Well, 'civilized' America sure screwed up that record.
 
The Code Talkers:

"During World Wars I and II, hundreds of Native American servicemen from more than twenty tribes used their Indigenous languages to send secret, coded messages enemies could never break. Known as code talkers, these men helped U.S. forces achieve military victory in some of the greatest battles of the twentieth century."

"In addition to Choctaw language speakers, Ho-Chunks, Eastern Cherokees, Comanches, Cheyennes, Yankton Sioux, and Osages were among the Native men who served as code talkers during World War I."

"Ultimately, approximately 534 American Indian code talkers were deployed in World War II. The U.S. Marine Corps, which operated the largest code-talking program, sent approximately 420 Diné (Navajo) language speakers to help win the war in the Pacific. In Europe, Comanche code talkers participated in the D-Day invasion of Nazi-occupied France as well as many of the major campaigns that crushed the Third Reich."

" The men were assigned to the 168th Infantry, 34th Red Bull Division and were sent to North Africa, where they participated in the attacks on Italy under heavy shelling. Three of the men were captured and confined to Italian and German prison camps."

And they did this for the UNITED States of America.

How have we repaid them?

They also used bird language to communicate to each other in secret.
 
"In the Southwestern United States, Pueblo (capitalized) refers to the Native tribes of Puebloans having fixed-location communities with permanent buildings. The Spanish explorers of northern New Spain used the term pueblo to refer to permanent indigenous towns they found in the region, mainly in New Mexico and parts of Arizona, in the former province of Nuevo México. This term continued to be used to describe the communities housed in apartment structures built of stone, adobe mud, and other local material.[2] The structures were usually multi-storied buildings surrounding an open plaza, with rooms accessible only through ladders raised/lowered by the inhabitants, thus protecting them from break-ins and unwanted guests. Larger pueblos were occupied by hundreds to thousands of Puebloan people. Various federally recognized tribes have traditionally resided in pueblos of such design. Later Pueblo Deco and modern Pueblo Revival architecture, which mixes elements of traditional Pueblo and Hispano design, has continued to be a popular architectural style in New Mexico. The term is now part of the proper name of some historical sites, such as Acoma Pueblo. "

Pueblo
 
The POWER of DIVERSITY...............

The Code Talkers

"Consequently, in 1940 and 1941, the army recruited Comanche, Meskwaki, Chippewa, and Oneida language speakers to train as code talkers; they later added eight Hopi speakers. In April 1942, the Marine Corps trained twenty-nine Navajo men in combat and radio communications. They went on to serve as the foundation of the largest code-talking program in the military."

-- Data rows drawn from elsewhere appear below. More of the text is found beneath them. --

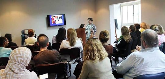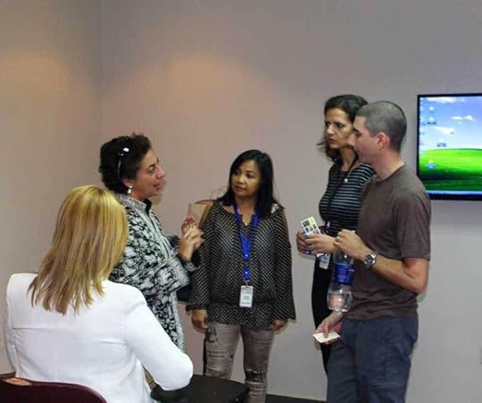 The director of AUC Press and bookstore owner Aboudi at the Cairo International Book Fair! New books by Dominique Navarro directly behind Nigel’s head!
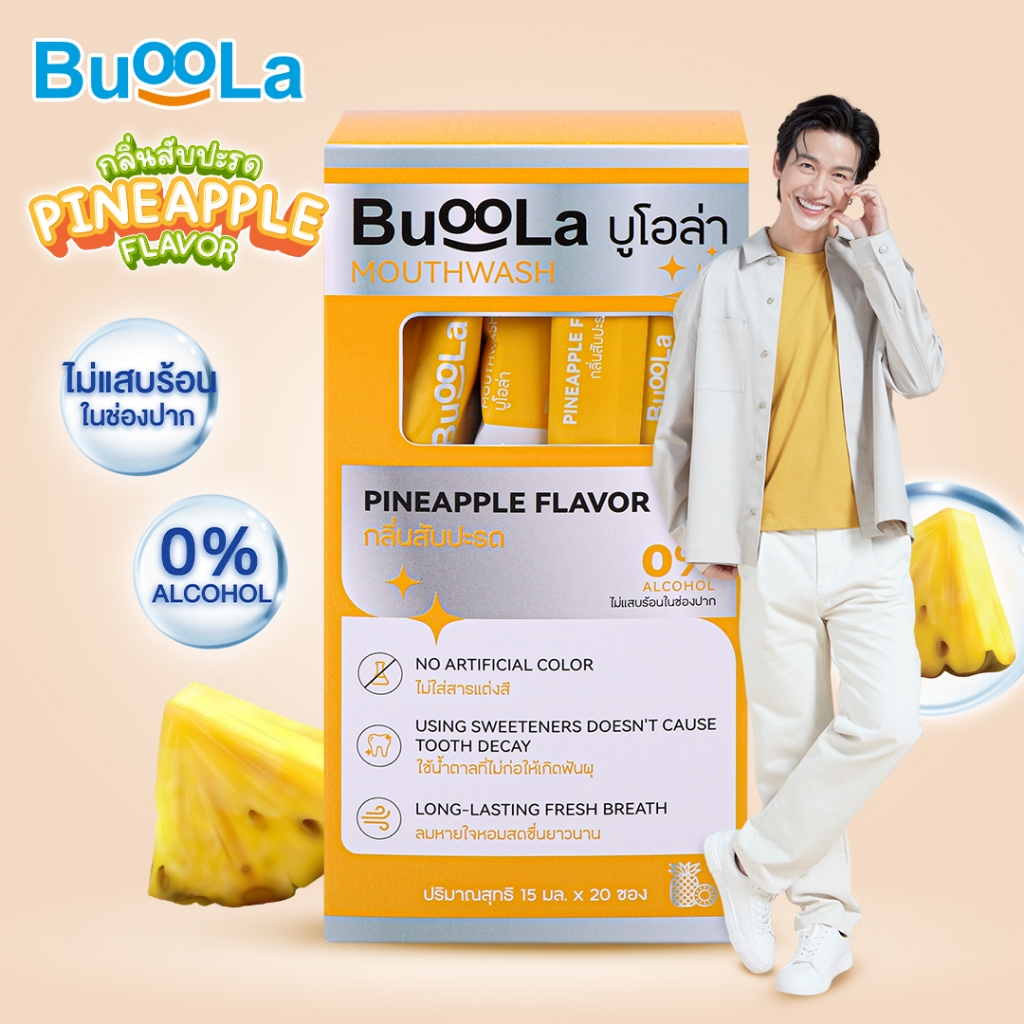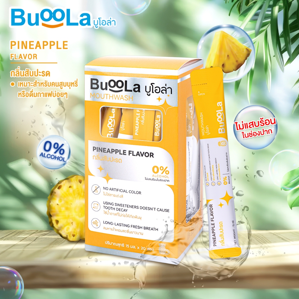 [แบบซองพกพา 1 กล่อง 20 ซอง] Buoola น้ำยาบ้วนปาก (กลิ่นสับปะรด) ช่วยให้ปากหอม สะอาด ลดกลิ่นปาก
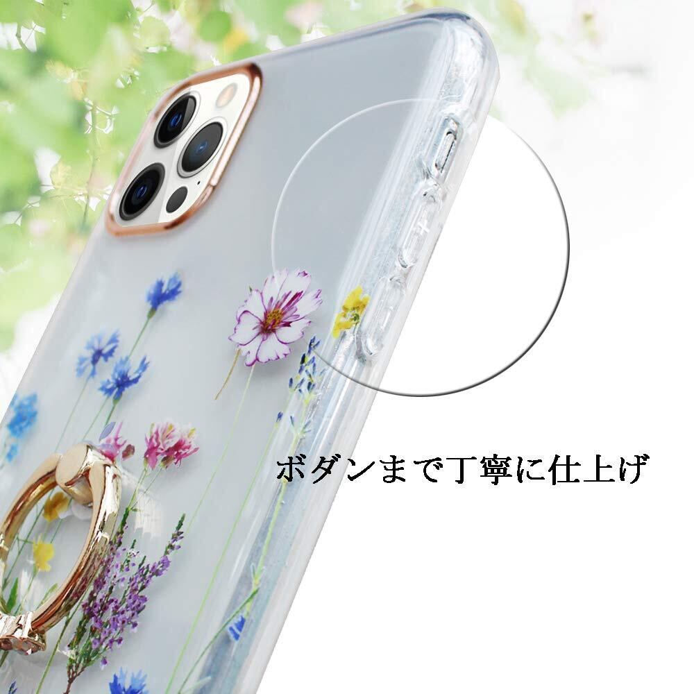 iPhone 用 ケース クリア リング付き かわいい 花柄 ハード PC
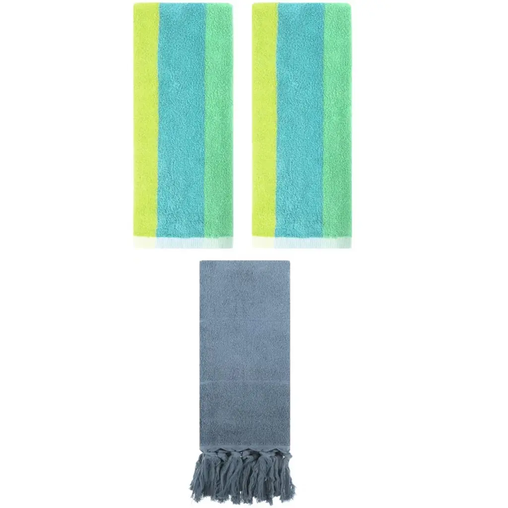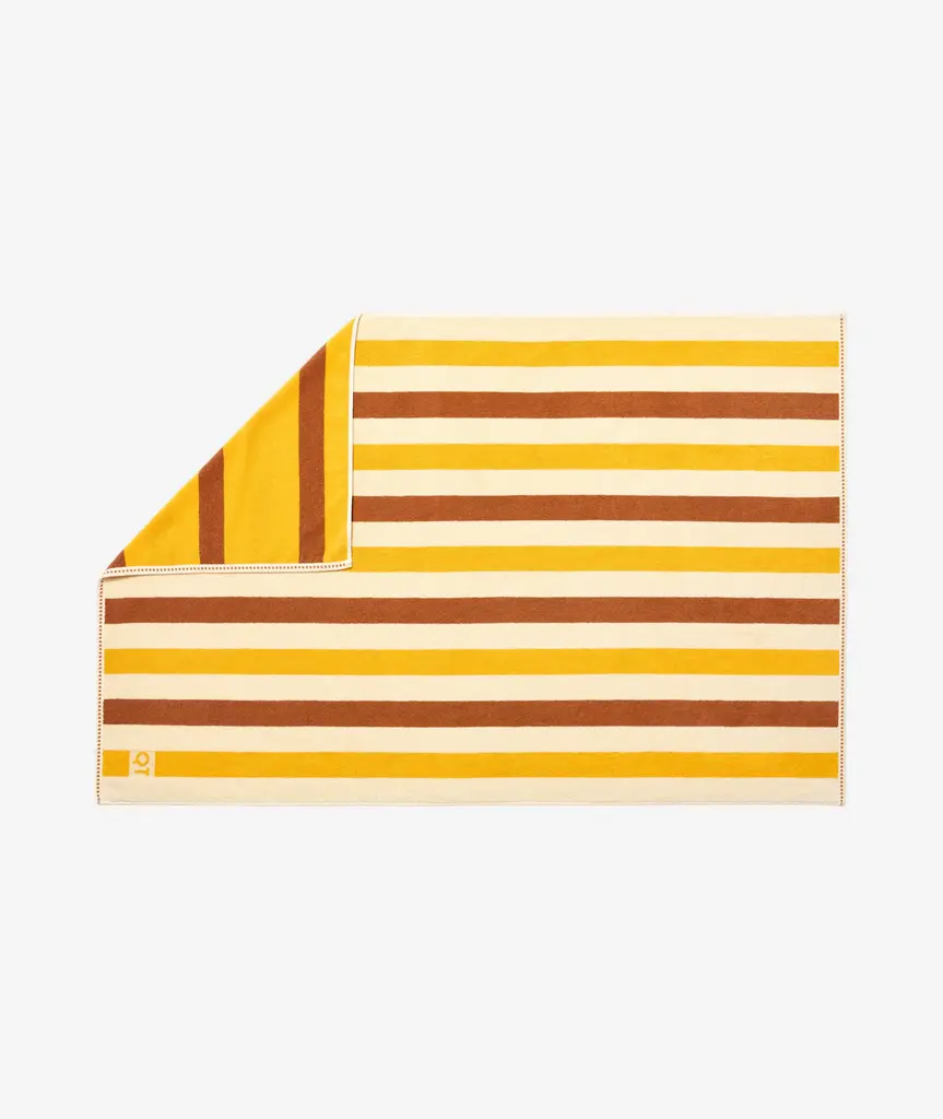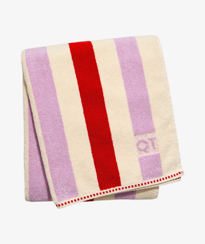 Introducing the Catalina towel collection! Double-sided stripes with a cream stripe running through one side and color-to-color on the other. Made from 100% GOTS certified organic cotton in Portugal, the Catalina is a generous 40”x60” bath sheet. Designed to be styled on its own or mixed with our Tam check towels for easy pattern play. Trimmed in tiny checks and finished with a small, sculpted QT and our hanging loop for ease.

"Dispersed across six marine divisions fighting in the Pacific, the Navajo radiomen saw action in many pivotal battles, including Guadalcanal, Bougainville, Tarawa, Makin, Kwajalein, Eniwetok, Saipan, Guam, Tinian, Peleliu, Iwo Jima, and Okinawa."

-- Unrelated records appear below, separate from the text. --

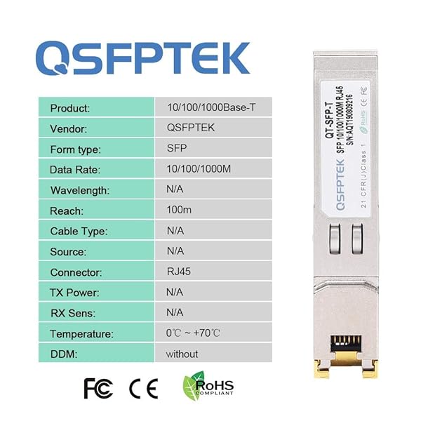 - QSFPTEK 1.25G SFP-T Gigabit SFP Copper Ethernet Module, SFP to RJ45, 10/100/1000BASE-T Mini gbic Transceiver for Cisco GLC-T/SFP-GE-T/GLC-TA, Mikrotik SRJ01, Netgear, Supermicro, up to 100m offers reliable performance and quality- 1.25G SFP to Ethernet Compatible for Cisco GLC-T/GLC-TE/GLC-TA, Mikrotik S-RJ01. Widely used in fiber switches, routers, NIC, server or other fiber optic equipments with 1Gb SFP ports
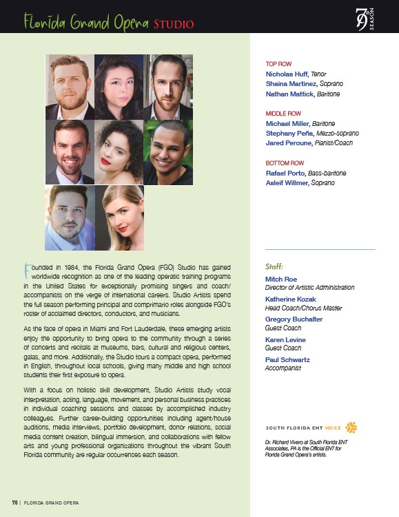 Founded in 1984, the Florida Grand Opera (FGO) Studio has gained
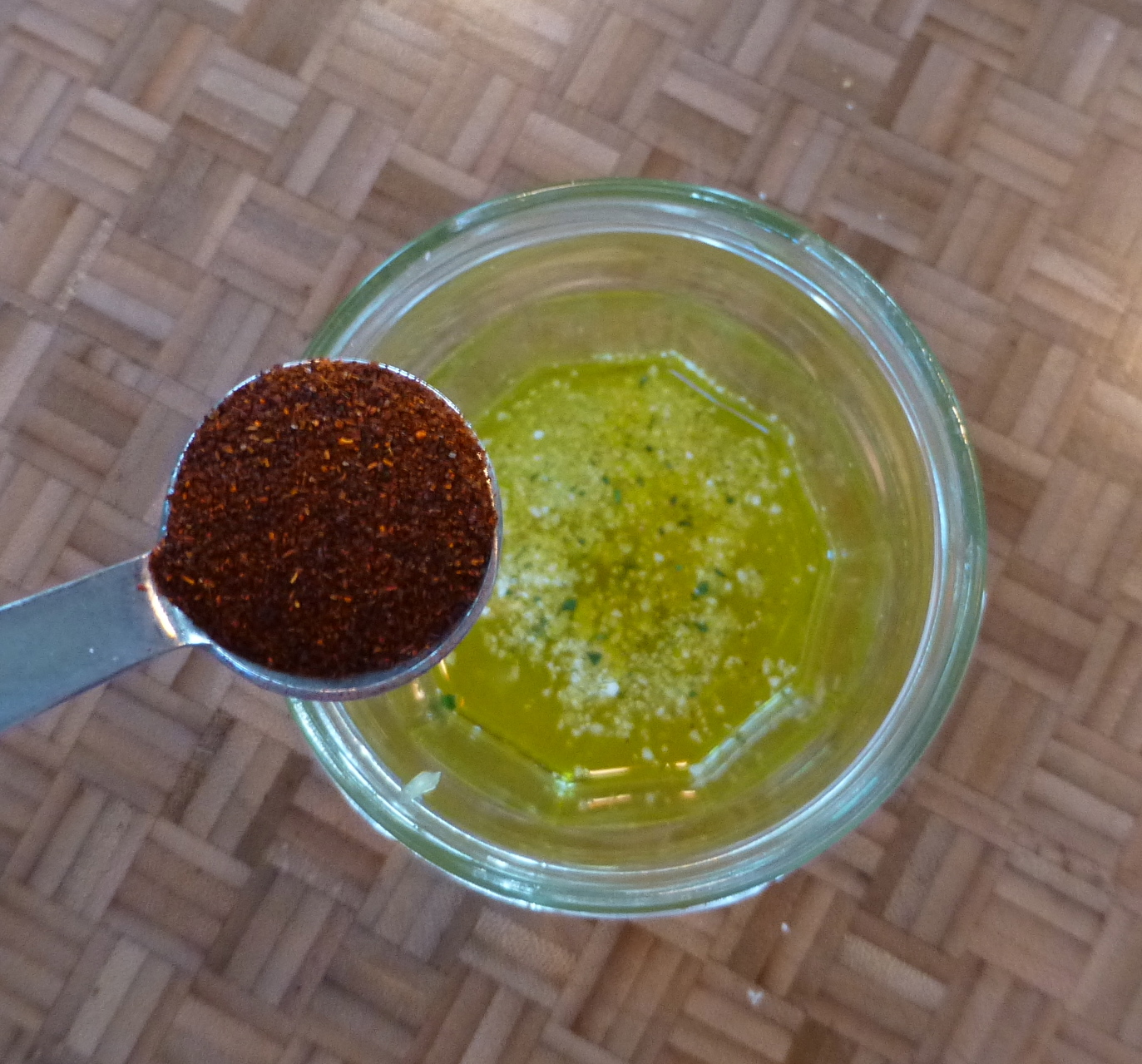 The quinoa wasn’t done yet, so I got started on the dressing. In a little jelly jar, I added olive oil, lemon and lime juice, garlic salt, chile powder, dried thyme, cracked black pepper, and some cayenne. I tightened the lid, gave it a good shake, and the dressing was DONE. So easy.

And the Japanese had no idea what the Americans were doing.
They were awesome!
 
Anyone can play that game.

Unless you are pure blood Italian, your proto English, Germanic, French, Scottish ancestors were savages who only became civilized under the military occupation of Roman Legions.

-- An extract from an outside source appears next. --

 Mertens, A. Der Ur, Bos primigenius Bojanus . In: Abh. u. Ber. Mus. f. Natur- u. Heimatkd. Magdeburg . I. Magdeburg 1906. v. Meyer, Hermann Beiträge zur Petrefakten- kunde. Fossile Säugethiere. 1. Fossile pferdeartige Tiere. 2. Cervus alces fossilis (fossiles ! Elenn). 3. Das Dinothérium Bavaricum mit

They had a wide variety of water craft, from rafts to dugouts to kayaks to craft with sails. And in those "unseaworthy vessels," they managed to create trade that spanned the coasts, and brought goods from Canada down to the Gulf Coast, and back again. They have found Great Lakes copper items in ancient pueblos in the Southwest, and of course maize, which was first domesticated by indigenous Mexicans, found its way across the entire continent.